* **LISTED ENTRIES**
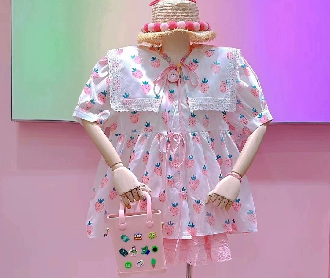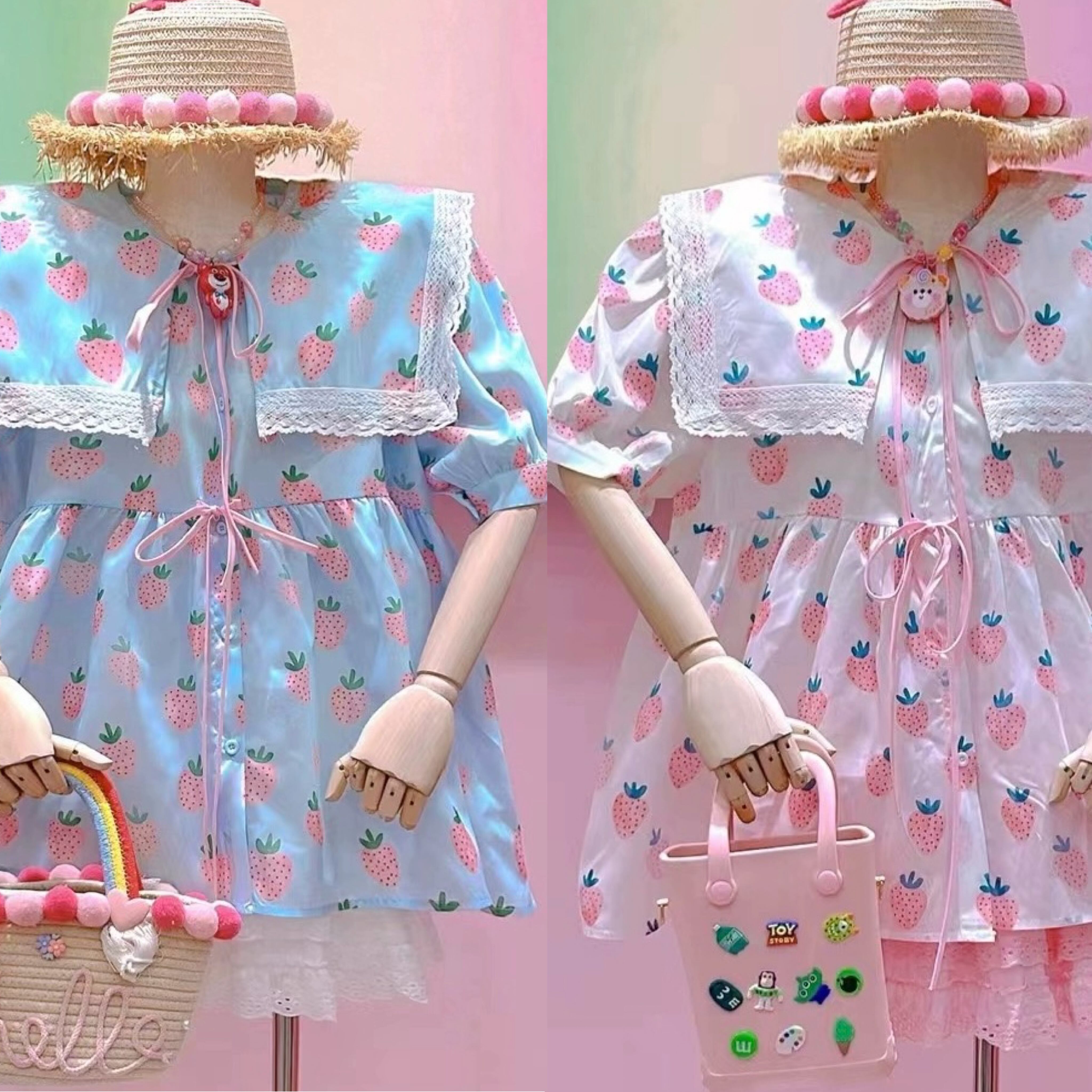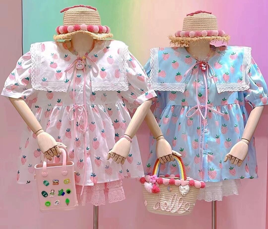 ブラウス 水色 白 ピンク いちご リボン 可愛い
* * *
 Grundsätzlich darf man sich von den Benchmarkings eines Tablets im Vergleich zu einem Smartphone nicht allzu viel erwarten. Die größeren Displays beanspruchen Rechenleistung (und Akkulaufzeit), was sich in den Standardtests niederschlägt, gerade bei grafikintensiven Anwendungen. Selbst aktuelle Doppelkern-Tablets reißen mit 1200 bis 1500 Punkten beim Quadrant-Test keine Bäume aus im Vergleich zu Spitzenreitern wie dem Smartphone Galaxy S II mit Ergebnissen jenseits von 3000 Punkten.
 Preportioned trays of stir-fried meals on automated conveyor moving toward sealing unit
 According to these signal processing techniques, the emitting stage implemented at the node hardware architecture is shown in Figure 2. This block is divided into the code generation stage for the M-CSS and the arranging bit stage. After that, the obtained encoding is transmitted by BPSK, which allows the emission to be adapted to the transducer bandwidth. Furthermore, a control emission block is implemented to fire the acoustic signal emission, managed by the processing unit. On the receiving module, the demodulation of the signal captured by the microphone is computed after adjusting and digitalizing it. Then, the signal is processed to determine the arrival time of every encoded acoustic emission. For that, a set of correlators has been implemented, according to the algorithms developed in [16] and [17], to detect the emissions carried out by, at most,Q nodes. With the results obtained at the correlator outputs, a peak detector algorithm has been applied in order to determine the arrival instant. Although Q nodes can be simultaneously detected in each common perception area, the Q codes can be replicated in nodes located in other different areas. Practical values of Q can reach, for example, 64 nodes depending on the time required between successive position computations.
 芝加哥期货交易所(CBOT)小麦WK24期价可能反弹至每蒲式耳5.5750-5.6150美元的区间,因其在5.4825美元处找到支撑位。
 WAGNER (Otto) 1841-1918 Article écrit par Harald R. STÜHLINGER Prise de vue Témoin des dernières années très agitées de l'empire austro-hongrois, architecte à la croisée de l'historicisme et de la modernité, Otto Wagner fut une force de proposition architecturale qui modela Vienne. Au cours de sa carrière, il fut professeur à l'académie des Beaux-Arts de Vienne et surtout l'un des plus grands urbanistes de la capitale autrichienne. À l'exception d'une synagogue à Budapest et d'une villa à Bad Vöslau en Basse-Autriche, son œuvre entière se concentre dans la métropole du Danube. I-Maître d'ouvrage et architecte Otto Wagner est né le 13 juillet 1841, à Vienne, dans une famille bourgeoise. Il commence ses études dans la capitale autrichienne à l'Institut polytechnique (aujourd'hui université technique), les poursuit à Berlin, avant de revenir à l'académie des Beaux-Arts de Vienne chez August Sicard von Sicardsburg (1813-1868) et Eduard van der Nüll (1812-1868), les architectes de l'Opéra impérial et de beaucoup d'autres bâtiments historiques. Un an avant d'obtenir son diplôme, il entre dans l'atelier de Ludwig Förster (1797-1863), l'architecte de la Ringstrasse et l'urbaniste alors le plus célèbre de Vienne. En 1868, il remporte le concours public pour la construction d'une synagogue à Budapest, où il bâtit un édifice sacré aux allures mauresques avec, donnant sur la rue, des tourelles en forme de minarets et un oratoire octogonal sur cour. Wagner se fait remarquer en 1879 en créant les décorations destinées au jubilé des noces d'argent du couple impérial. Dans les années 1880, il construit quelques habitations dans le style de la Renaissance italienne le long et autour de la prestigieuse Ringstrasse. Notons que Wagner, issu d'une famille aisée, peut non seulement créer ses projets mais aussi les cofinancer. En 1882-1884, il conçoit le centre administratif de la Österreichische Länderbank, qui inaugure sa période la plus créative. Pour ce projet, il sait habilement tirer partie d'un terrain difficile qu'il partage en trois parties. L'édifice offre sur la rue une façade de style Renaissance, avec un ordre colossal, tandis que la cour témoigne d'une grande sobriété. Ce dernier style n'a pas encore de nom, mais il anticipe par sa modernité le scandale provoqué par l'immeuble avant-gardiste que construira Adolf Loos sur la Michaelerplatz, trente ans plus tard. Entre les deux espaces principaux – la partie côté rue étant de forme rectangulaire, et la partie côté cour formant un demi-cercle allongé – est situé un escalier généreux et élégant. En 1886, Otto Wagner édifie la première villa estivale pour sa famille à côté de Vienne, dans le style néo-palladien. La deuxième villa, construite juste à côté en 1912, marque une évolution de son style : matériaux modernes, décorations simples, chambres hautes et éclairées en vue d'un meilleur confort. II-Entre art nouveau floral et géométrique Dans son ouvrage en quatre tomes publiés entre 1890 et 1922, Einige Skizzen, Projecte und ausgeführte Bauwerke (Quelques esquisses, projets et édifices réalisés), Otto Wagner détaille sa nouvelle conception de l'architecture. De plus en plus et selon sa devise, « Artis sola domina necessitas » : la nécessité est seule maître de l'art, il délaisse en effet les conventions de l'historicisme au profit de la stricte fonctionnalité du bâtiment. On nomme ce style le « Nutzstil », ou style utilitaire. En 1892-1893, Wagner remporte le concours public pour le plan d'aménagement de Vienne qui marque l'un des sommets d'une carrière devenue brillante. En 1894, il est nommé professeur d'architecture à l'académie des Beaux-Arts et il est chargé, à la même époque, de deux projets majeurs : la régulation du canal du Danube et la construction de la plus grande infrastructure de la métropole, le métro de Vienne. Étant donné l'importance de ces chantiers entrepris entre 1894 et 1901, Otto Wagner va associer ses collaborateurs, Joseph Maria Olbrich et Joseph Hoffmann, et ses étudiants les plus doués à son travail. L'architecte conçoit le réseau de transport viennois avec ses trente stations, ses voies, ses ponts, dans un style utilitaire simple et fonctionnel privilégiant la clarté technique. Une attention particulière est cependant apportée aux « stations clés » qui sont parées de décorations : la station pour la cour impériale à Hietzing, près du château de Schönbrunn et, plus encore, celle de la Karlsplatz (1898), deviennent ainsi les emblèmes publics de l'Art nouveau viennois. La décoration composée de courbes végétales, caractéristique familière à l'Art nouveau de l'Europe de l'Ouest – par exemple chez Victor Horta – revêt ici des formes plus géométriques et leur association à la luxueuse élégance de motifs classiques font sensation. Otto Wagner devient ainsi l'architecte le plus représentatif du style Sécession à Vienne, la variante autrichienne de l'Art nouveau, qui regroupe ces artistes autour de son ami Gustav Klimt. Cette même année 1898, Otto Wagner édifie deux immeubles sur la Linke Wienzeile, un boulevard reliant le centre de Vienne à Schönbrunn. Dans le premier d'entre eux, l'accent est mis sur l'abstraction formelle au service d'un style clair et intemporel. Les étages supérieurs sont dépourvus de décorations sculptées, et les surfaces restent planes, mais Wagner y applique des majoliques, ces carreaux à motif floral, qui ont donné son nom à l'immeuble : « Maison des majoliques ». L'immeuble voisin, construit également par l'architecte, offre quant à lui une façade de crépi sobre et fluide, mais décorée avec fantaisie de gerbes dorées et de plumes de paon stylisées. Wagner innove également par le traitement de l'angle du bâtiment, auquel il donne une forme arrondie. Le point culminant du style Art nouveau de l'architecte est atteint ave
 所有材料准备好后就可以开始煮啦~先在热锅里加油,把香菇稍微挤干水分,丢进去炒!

* **TASK TO CARRY OUT**
Search the listing above for the lines with "Grundsätzlich darf man" and "Preportioned trays of", then output those lines and all lines between them exactly.

* **RESULT BELOW**
 Grundsätzlich darf man sich von den Benchmarkings eines Tablets im Vergleich zu einem Smartphone nicht allzu viel erwarten. Die größeren Displays beanspruchen Rechenleistung (und Akkulaufzeit), was sich in den Standardtests niederschlägt, gerade bei grafikintensiven Anwendungen. Selbst aktuelle Doppelkern-Tablets reißen mit 1200 bis 1500 Punkten beim Quadrant-Test keine Bäume aus im Vergleich zu Spitzenreitern wie dem Smartphone Galaxy S II mit Ergebnissen jenseits von 3000 Punkten.
 Preportioned trays of stir-fried meals on automated conveyor moving toward sealing unit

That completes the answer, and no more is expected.